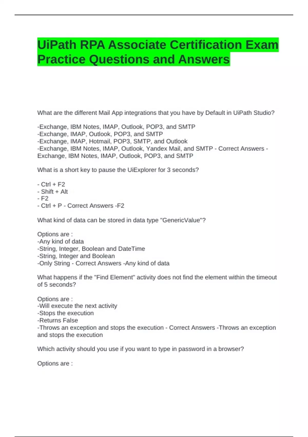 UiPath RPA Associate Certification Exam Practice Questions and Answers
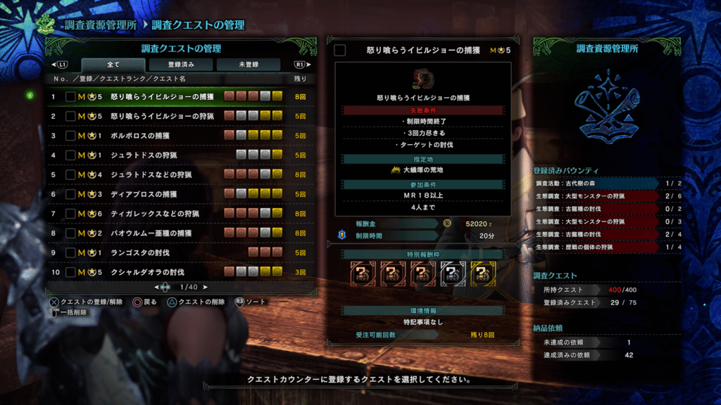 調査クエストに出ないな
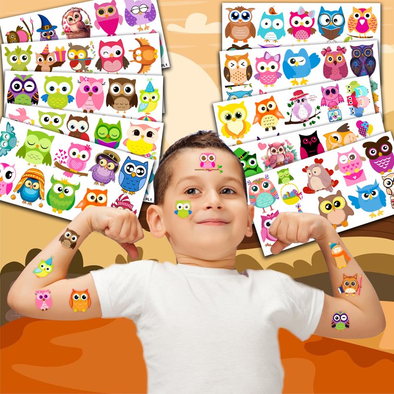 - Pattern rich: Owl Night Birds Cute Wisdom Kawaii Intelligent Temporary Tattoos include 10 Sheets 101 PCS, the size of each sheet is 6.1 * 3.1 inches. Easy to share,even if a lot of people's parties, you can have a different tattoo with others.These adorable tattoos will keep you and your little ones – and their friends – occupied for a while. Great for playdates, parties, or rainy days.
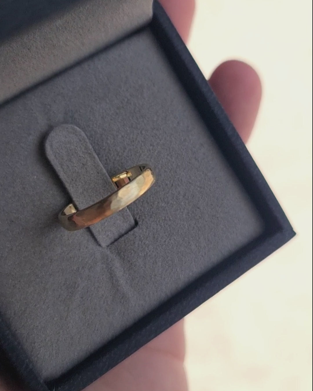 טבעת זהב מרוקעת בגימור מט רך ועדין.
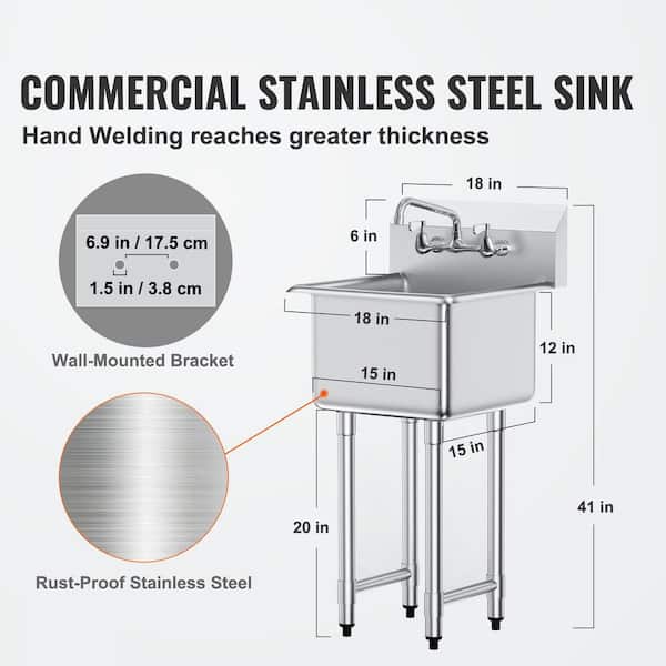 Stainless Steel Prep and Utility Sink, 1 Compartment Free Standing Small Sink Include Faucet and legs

========================================

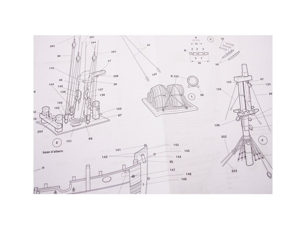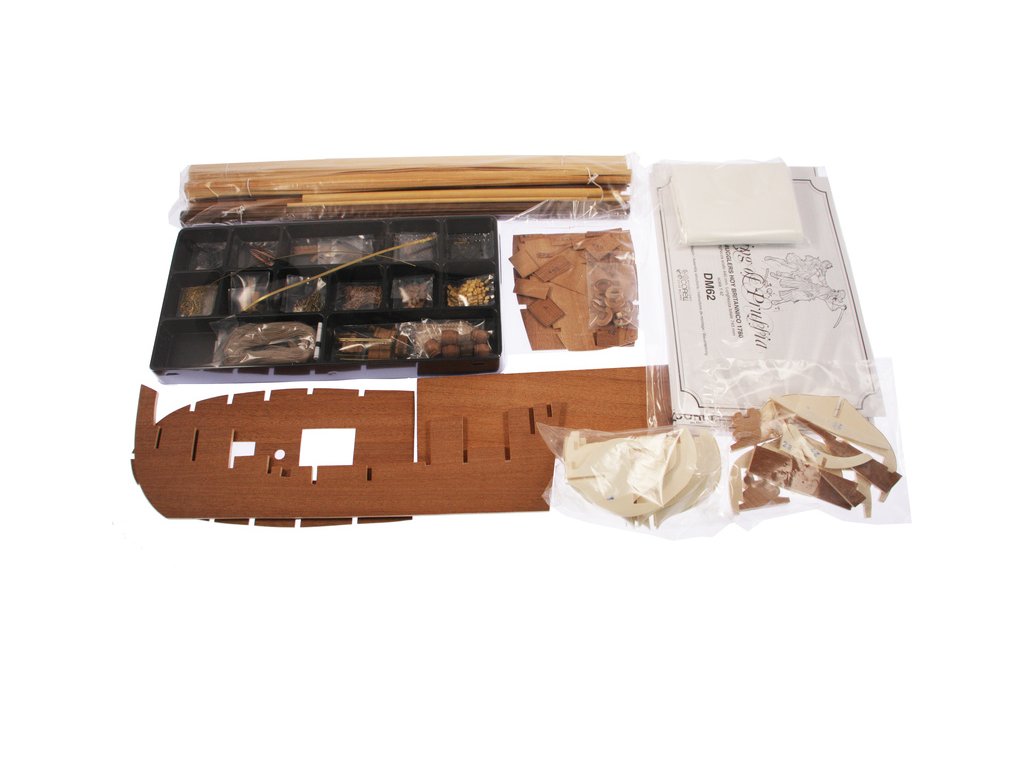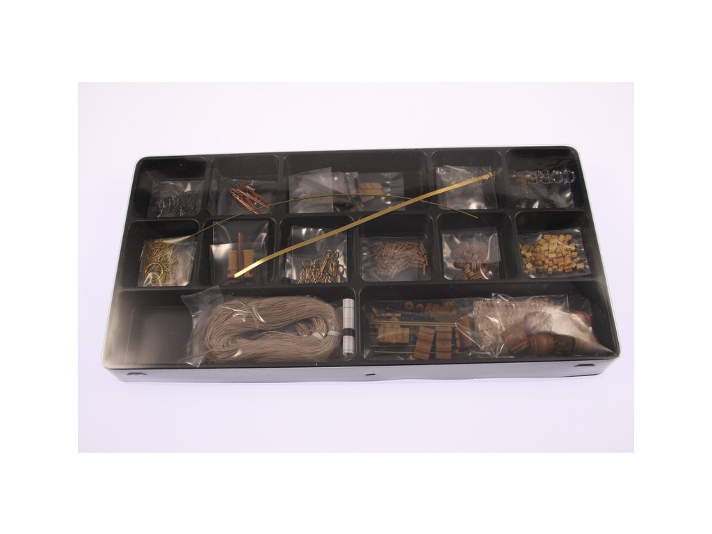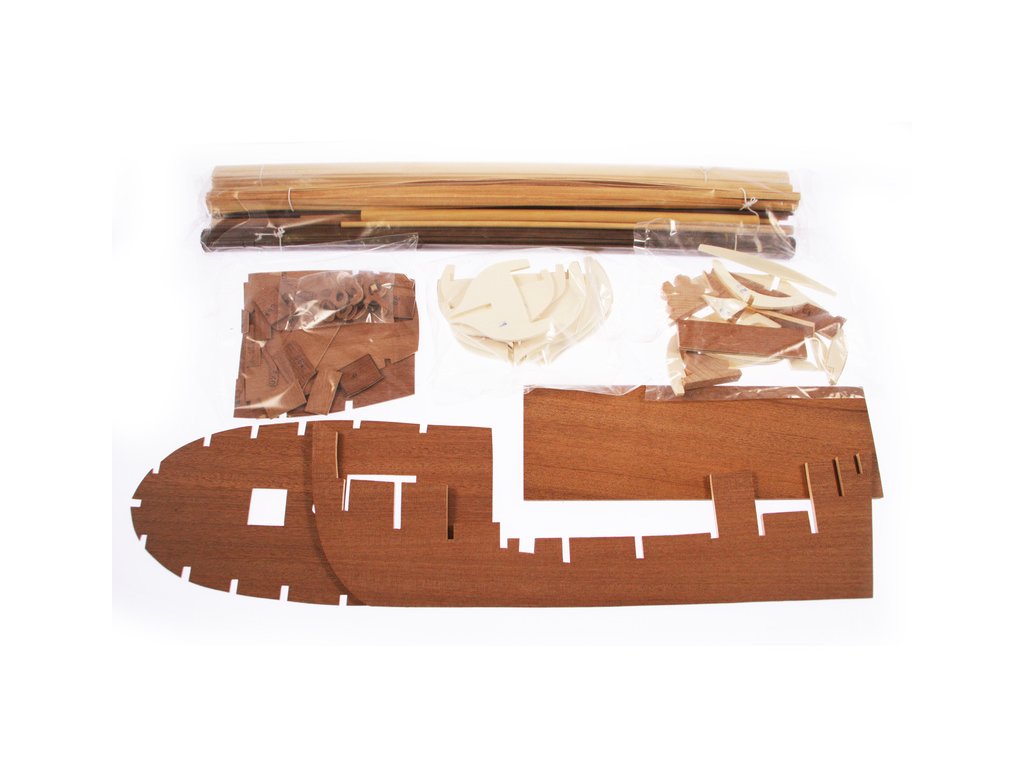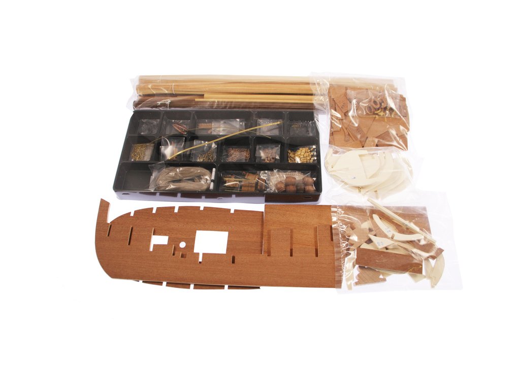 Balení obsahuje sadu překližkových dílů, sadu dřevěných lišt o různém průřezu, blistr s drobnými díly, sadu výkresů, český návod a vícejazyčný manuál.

========================================

WHAT NEEDS TO BE DONE:
Output only the stretch above from the line with "UiPath RPA Associate" through the line with "Stainless Steel Prep", reproduced exactly. Exclude pictures.

SOLUTION TO THE EXERCISE:
 UiPath RPA Associate Certification Exam Practice Questions and Answers
 調査クエストに出ないな
 - Pattern rich: Owl Night Birds Cute Wisdom Kawaii Intelligent Temporary Tattoos include 10 Sheets 101 PCS, the size of each sheet is 6.1 * 3.1 inches. Easy to share,even if a lot of people's parties, you can have a different tattoo with others.These adorable tattoos will keep you and your little ones – and their friends – occupied for a while. Great for playdates, parties, or rainy days.
 טבעת זהב מרוקעת בגימור מט רך ועדין.
 Stainless Steel Prep and Utility Sink, 1 Compartment Free Standing Small Sink Include Faucet and legs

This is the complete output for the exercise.